Ancak, Stalin'in iktidarının gücüyle, 1930'ların sonlarından itibaren, Sovyet propagandası Pasternak'ın yaptığı gibi felsefi ve "gerçek hayattan kopuk" sözler değil, vatansever ruh yükselten şiirler gerektiriyordu. Bu yüzden, şiirleri o andan itibaren yayınlanmayı bıraktı ve çevirilere ve düzyazıya yönelmeye başladı. 

Doktor Jivago davası

Yaklaşık 10 yıl çalıştıktan sonra, 1955'te Pasternak, Rus dilinde yazılmış en iyi romanlardan biri olan Doktor Jivago'yu tamamladı. Biçimsel olarak, Devrim'den sonra Rusya'da gerçekleşen İç Savaş hakkında bir kitap, ancak özünde, insanlar, aşk ve ölüm, yaşamın anlamı ve evrenin kendisi hakkında bir roman. Ve Sovyet döneminde kesinlikle uygunsuz, çünkü roman Bolşevikleri iyi bir ışık altında göstermiyor ve bunun yerine ne kadar barbarca davrandıklarını ve birçok hayatı nasıl mahvettiklerini gösteriyor. 
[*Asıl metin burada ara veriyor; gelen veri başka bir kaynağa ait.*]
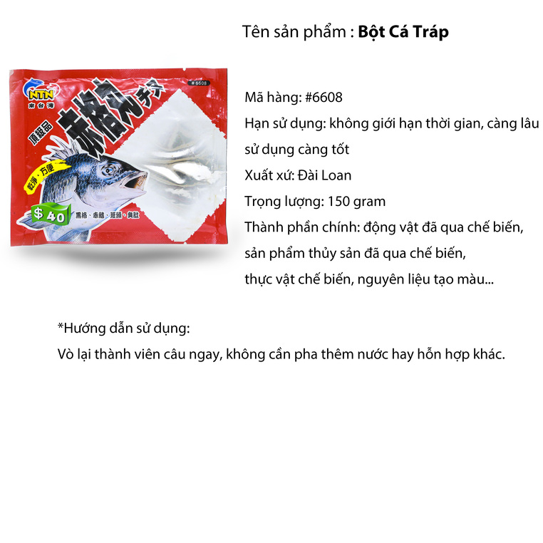 Cách sử dụng : Nhào trực tiếp sản phẩm này thành từng viên bột rồi vê mồi lên lưỡi câu để câu cá, rất tiện lợi.Để hiệu quả cao kết hợp dùng mồi xả cá tráp xả NTN trước khi câu sẽ mang lại hiệu quả cực kỳ cao.

Şaşırtıcı olmayan bir şekilde, Doktor Jivago'nun yayınlanması yasaklandı ve Nikita Kruşçev de dahil olmak üzere medya ve yetkililerden bir olumsuzluk dalgası yükseldi. Ve daha sonra olanlar, Pasternak'ı bir Sovyet yazarı olarak kelimenin tam anlamıyla "öldürdü". 
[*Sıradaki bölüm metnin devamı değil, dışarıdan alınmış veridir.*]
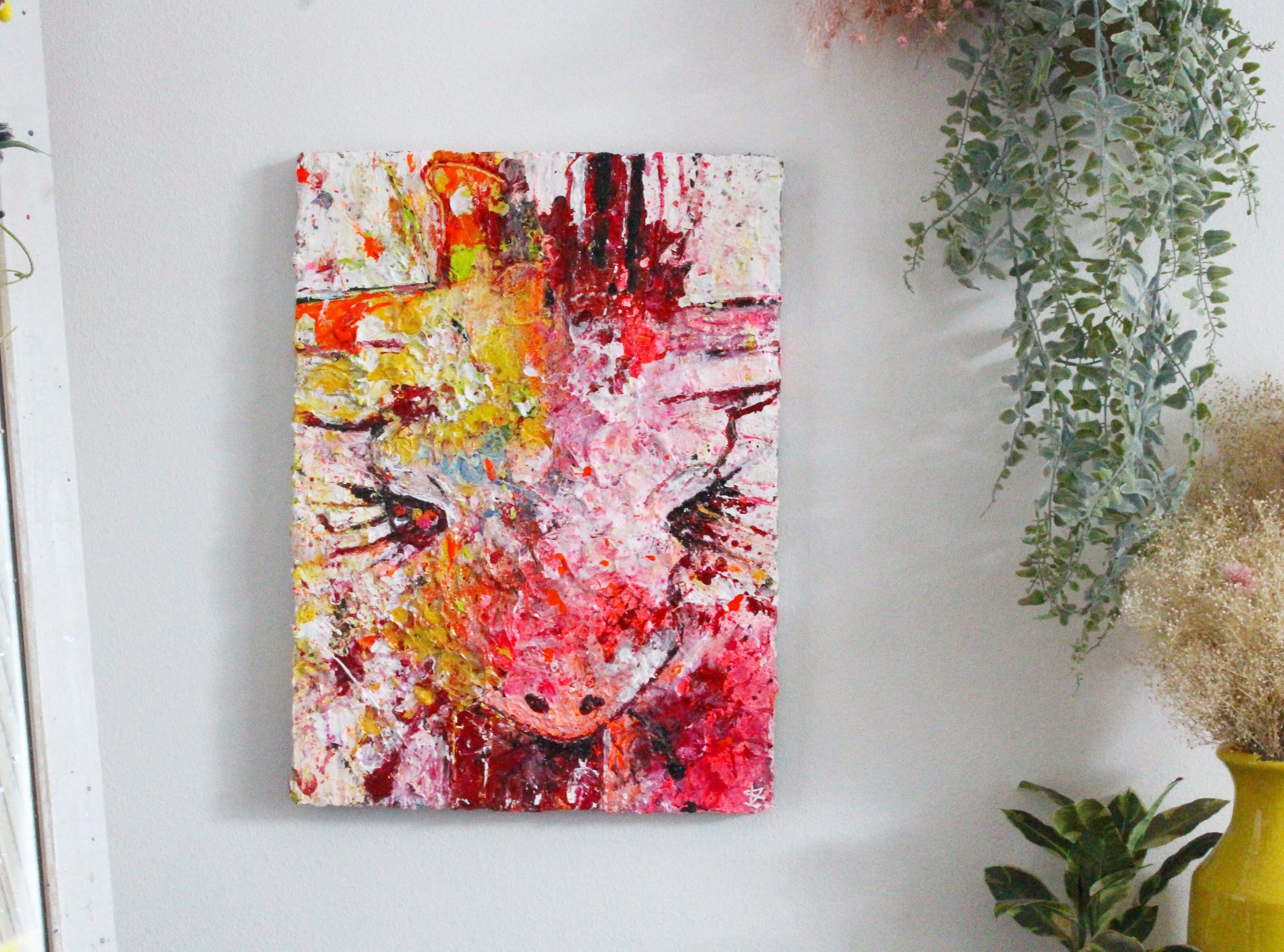 “Warm eternally” OK I'm warm eternally I'll be warm *A face of giraffe acrylic,oilpastel,canvas/45.5×33.3㎝/2020 No frame 『いつまでもあたたかい』 大丈夫 あたたかい いつまでも ずっとあたたかい 仕様:アクリル絵の具、オイルパステル、キャンバス サイズ:45.5×33.3㎝(P8号) 額無し 制作年:2020年 キリンの顔になっている作品。 ------------------------------------------- 植松京子が2020年に制作した絵画です。 原画は一点ものとなっております。 裏面にタイトル、制作年、本人サインあり。 壁に画鋲を刺して、引っ掛けるだけでお部屋に飾れます。 (もっと頑丈にしたい方は、壁に釘打ちをして、 作品の裏両脇にネジで紐を張り、引っ掛けて飾ってください) ------------------------------------------- 【芸術家 植松 京子】 HP: https://kyokouematsu.wixsite.com/artwork Instagram:https://www.instagram.com/kyoko_uematsu_art/ ■作品について 何も計画せず、下描きもせず、キャンバスの前に立つ。 内のエネルギーをものすごく高い状態にする。 ある瞬間から一気に体が動き始める。 次から次へと色が乗っていく。 キャンバス上で絵の具たちが、 目まぐるしくぶつかり、跳ね、飛び散り、流れ、混ざり、消え、削られ、また重なっていく。 途中、目や耳、手や足など、動物に似た生命体の一部を見出す。 そこからは、意識的な動きも加わり、 産まれ出た主役の個性、固有のパワーや可能性が、 最大限に発されるよう、 守りながら、生み出していく。 納得できる姿になったら手を止め、そして改めて対話をする。 この子は何をしているのか。 何を言わんとしてるのか。 どんな心を持っているのか。 それを読み解いてタイトルをつけ、完成とする。 私の絵には、動物ばかりが出てきて、人間は出てこない。 これは、 現代社会において、人間たちが見失いがちな、 「たった“1”の命が持つ可能性、エネルギー」を 純粋な動物たちが、人間に向かって見せてくれている、と捉えている。 この絵を見ている、あなた自身にもこれだけの可能性やエネルギーがあるんだと。 (人間の少女のみたまに出てくるが、これはピュアの象徴として解釈している) いつ何が起こるかわからないこの世の中で、 自分1人、だれか1人、という“1”の力を、純粋な生命力を、信じて 諦めないで生きていきたい。 植松京子

Pasternak kitabı Batı'ya taşımayı başardı ve 1957'de 'Doktor Jivago' İtalya'da yayınlandı. Daha sonra CIA, ajansın kitabı gün yüzüne çıkarmakta yer aldığı  belgeleri ifşa etti. Bu, onların Sovyet devletine karşı bir diğer propaganda "silahı"ydı.
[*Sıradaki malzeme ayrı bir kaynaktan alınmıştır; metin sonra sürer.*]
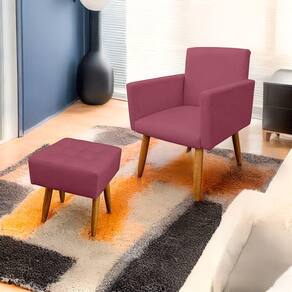 Poltrona Decorativa Nina com Puff New para Sala e Quarto Suede Rose - Jylcrom - Rosê

1958'de Pasternak, edebiyat dalında Nobel Ödülü'nü kazandığı duyuruldu. Sovyet yetkilileri, akademinin kararından dolayı tamamen çılgına döndüler ve bunu Sovyetler Birliği'ne karşı politik bir adım olarak algıladılar. 

Pasternak'a karşı kampanya SSCB'de başladı. Hain ilan edildi ve Yazarlar Birliği'nden ihraç edildi, bu da o zamanlar eserinin artık hiç yayınlanamayacağı anlamına geliyordu. Resmi Sovyet yazarları tam bir zorbalık kampanyası düzenledi. Tüm resmi medya, romanın devrime ve Sovyet iktidarına iftira olduğunu yazdı. Hatta proleterlerin kendilerine gönderdiği ve romanı kınadığı iddia edilen mektuplardan bile alıntı yaptılar. 

Ama mesele şu ki, hiçbiri romanı okuma şansına sahip değildi. Çünkü Sovyetler Birliği'nde yayınlanmamıştı. Bu yüzden, bu mesajların çoğu "Pasternak'ı okumadım ama onu kınıyorum" veya "Bu romanı okumadım ama kötü" sözleriyle başlıyordu.

Parti komiteleri, fabrikalar ve enstitüler, Pasternak'ı topluca kınadıkları toplantılar düzenlediler. Hatta bazıları Pasternak'ın Sovyet vatandaşlığından çıkarılmasını bile önerdi. Sonunda, Nobel Ödülü'nü alenen reddetmek zorunda kaldı. 

Zorbalık kampanyası yazarın sağlığını bozdu ve 1960 yılında kanserden öldü. Roman ilk kez 1988 yılında SSCB'de resmi olarak yayımlandı.